Puppies are so cute because who else can be sacrificed to Cerberus with such implicit acquiescence? Who else will drink all the nail polish remover when you're working at the Sunoco to feed them while you sustain nourishment from the stuff the Subway next door is going to throw out? Fucking so cute.

SYFFAL: I was going to go with 22 questions but the other 2 were kind of the same, like: Why are kittens so cute and why is bacon so delish? But you seemed like a human who hates cats and maybe you're a vegan. How many notebooks do you fill up for one song? Your shit is wicked dense.

ELSPHINX: I can fill up one subject in a five subject Five Star notebook with nothing but drawings of sentient, oddly-beaked chess piece owl giants laying grenade eggs.

I write songs with sharpie on my forehead in the mirror and scrape them off with molten-hot chore boy after they've been recorded. That's how I age so gracefully. My bathroom sink has been clogged for two years.

SYFFAL: Mine too, but because I have such a luxo beard. Now that you shit this amazing baby out, whats next? Future projects? Marriage?

ELSPHINX: Thank you again for calling it an amazing shit baby. Yes. The follow up project is in its infancy, but that's what happens next. I'm already married to the game, Copernicus.

SYFFAL: Sorry i didn't realize we were in church. I meant "crap". How cool do you think it would be to hang out with me in real life? Would we be like Lavern and Shirls or Biden and Cheney? Do you think you are cooler than me? How much of a sweetie pie is that adorbz P.J. feller?

ELSPHINX: It would be like Sidney Deane and Billy Hoyle. You'd be cooler at first but in the long run people will say "Damn look at his shoes, also look at Rosie Perez's tits."
Katz is the fucking man.
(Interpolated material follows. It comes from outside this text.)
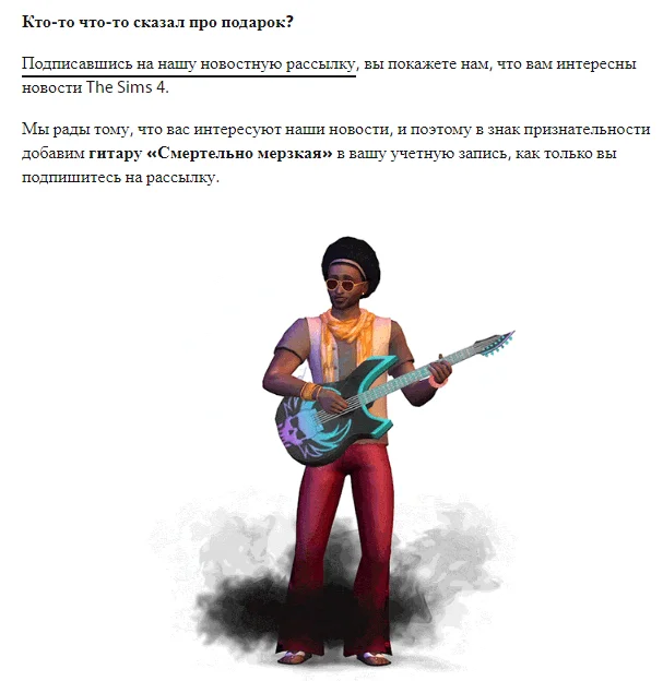 А если подписаться на рассылку The Sims 4, в подарок дадут гитару — добавят прямо в учётную запись.
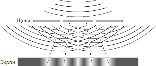 Пунктирные линии показывают, в каких местах волны взаимно усиливаются, образуя на экране светлые пятна.

This album wouldn't exist in the state that it does without him.

SYFFAL: I heard you have wicked shoe game. Rosie Perez is still alive?! Seriously though, the album is really amazing and dense, but not like listening to the RZA reading the dictionary. And also not like a retro 90's record. It has all the elements of what people claim is missing, without directly trying to rip that vibe. How do you feel now that its done and out there?

ELSPHINX: Relief. It's been gestating within me for an eon. It wasn't my aim to recreate any specific sound. I love 90's rap. My vision was to expand on where the bookmark was left. And I'm flattered that people are understanding it.

SYFFAL: I feel you've done just that with this album. Continued the tradition without going down the same old paths. It's a really amazing feat this days. Do you think you could dunk on me in a game of H.O.R.S.E.?

ELSPHINX: Nah. I eat my captain dunk for breakfast but I'll splash on you from deep. At impossible angles. I've never been a yammer. I'll razzle dazzle because it's the shoes. Boomshakalaka.

SYFFAL: I was joking. I'm asian. I'm only good at math. Anything you want to say before i kick you out of my emails?

ELSPHINX: I showed up to your emails uninvited. I'll see myself out. Buy the album you bastard bitches. BRAIN CAVE DELUXE!